“The problem with illicit substances is their efficiency.”
The goals of the substance user and athlete battling depression is the same – Both seek a shift in mood and/or mental state. The goal to, ‘feel better,’ is universal, regardless of the tool used. In fact, substance misuse is considered superior in that it is absolutely efficient at achieving its aims. Once we accept this universal intent, only then will we be able to address stigma and prejudice.
Defining, “Altered State”
Typically, the expression, ‘An altered state of consciousness,’ refers to any change, or shift, in mental state where the person is generally aware and wakeful. This includes mental states during hypnosis, meditation, or active hallucinations while using elicit substances (LSD), etc.
For purposes of this article, we are shifting the definition away from a focus on consciousness, towards mood and emotional wellbeing. An altered state of mood and/or emotional wellbeing, refers to a change of one mood/anxiety state, to another. Altered states in mood and emotional wellbeing come in both adaptive and maladaptive forms. Both are considered functional in that they achieve the goal to shift from one state to another.
The Runner (Adaptive Approach)
Using physical activity to alter mood is considered an adaptive approach to coping. The best example of using movement to achieve an altered emotional state is found in the long distance running community. There are numerous anecdotal accounts of runners entering the sport for the profound improvements experienced in mood and anxiety (an altered/shifted state, resulting from adaptive behaviour).
Rob Krar, an elite ultra runner originating from Canada, opened up about his struggles with clinical depression in 2014. He often speaks about the effects of running on his mood and the strength it gives him, knowing that any pain he experiences during an event is familiar to him; he understands that with persistence, he can push through to the other side of his pain.
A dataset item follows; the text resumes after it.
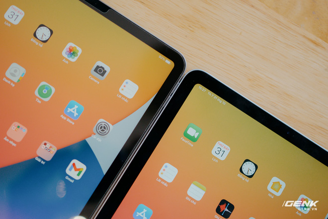 Dù thiết kế thoạt nhìn có vẻ rất giống nhau, tuy nhiên thực tế màn hình của iPad Air 4 bị cắt giảm khá nhiều yếu tố so với iPad Pro, ví dụ như kích thước bé hơn 0.1 inch (10.9 inch so với 11 inch), viền dày hơn và độ sáng thấp hơn đôi chút.
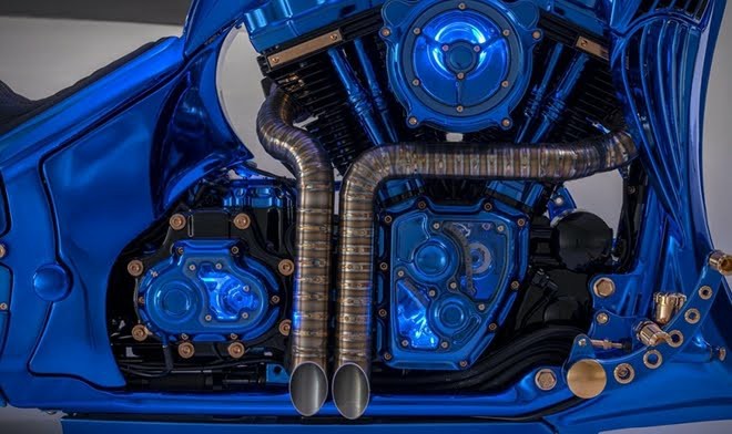 It took eight people and 2,500 hours or 104 days to complete the wonder bike. Gold are adorned in places where rubber bushes or washers are found on a regular motorbike.

Following is a video where Rob Krar describes his personal experience with depression, and the relationship he has with long distance running:
The Substance User (Maladaptive Approach)
Alcohol and drugs produce profound effects on one’s personal sense of wellbeing. From this perspective, substance misuse is considered effective and efficient in achieving the desired altered state, most notably a reduction in perceived anxiety and depression. While effective, the approach is also understood to be maladaptive in nature; the tool works, but is accompanied by profound long term biopsychosocial consequences.
Those struggling with the negative consequences of substance misuse talk, almost universally, about the intention to decrease anxiety and feel happier. There is no doubt that substance use of any kind achieves these aims, at least for the short-term.
Some individuals discover this connection after living many years with a pre-morbid diagnosis of Major Depressive Disorder. For others, ongoing substance misuse has caused regular states of dysphoria and anxiety between episodes of use. Both are equally affected by substance use behaviour – Things improve, at least temporarily.
An Honest Look at Maladaptive Outcomes
The desire to improve wellbeing through an altered state as described by both runners and substances abusers is no different. Each attempts to improve their overall experience of life.
Now that we have levelled the playing field on intent, it is important to highlight the consequences of maladaptive coping strategies.
- Adaptive approaches are less likely to have profound negative consequences on physical health over the the long run.
- Maladaptive approaches have shorter effect cycles. In other words, you must return to the method more often for repeated short-term gains.
- Adaptive approaches have positive effects across multiple areas in our lives. This includes positive outcomes on fitness, anxiety management, and relationships at home and work. We like to call this, ‘generalizability‘.
- Maladaptive approaches reinforce quick short-term reward, while adaptive approaches tend to reinforce the powerful effects when required to delay gratification. In other words, adaptive approaches teach us that working hard towards a long-term reward is difficult now, but has massive reward with persistence (finishing a race, completing education, etc.)
The Problem With Judgement
It is critical that each of us recognize the universal desire found in both adaptive and maladaptive strategies for achieving an altered state towards wellbeing. While there are different consequences for adaptive and maladaptive approaches, it is important to understand the universal desire to feel better.
When individuals exercise morality as a basis for judging behaviour, the end result is stigma and alienation. Harm reduction depends on viewing the consequences of behaviour through a public health and human rights lens. Whether you are a practitioner, or a family member living with someone misusing substances, in the end, we all are attempting the same thing – To feel better.
Acceptance Promotes Change
The first step in promoting change in individuals is understanding your own bias. The second step is accepting those around you, regardless of where they are at in life, or the choices they make.
Universal acceptance is the most powerful tool in being an effective care provider, partner, parent, or teacher. Others will experience your accepting approach and seek you out when ready. Your job is to simply be with them along the way, while recognizing that you both seek the same thing.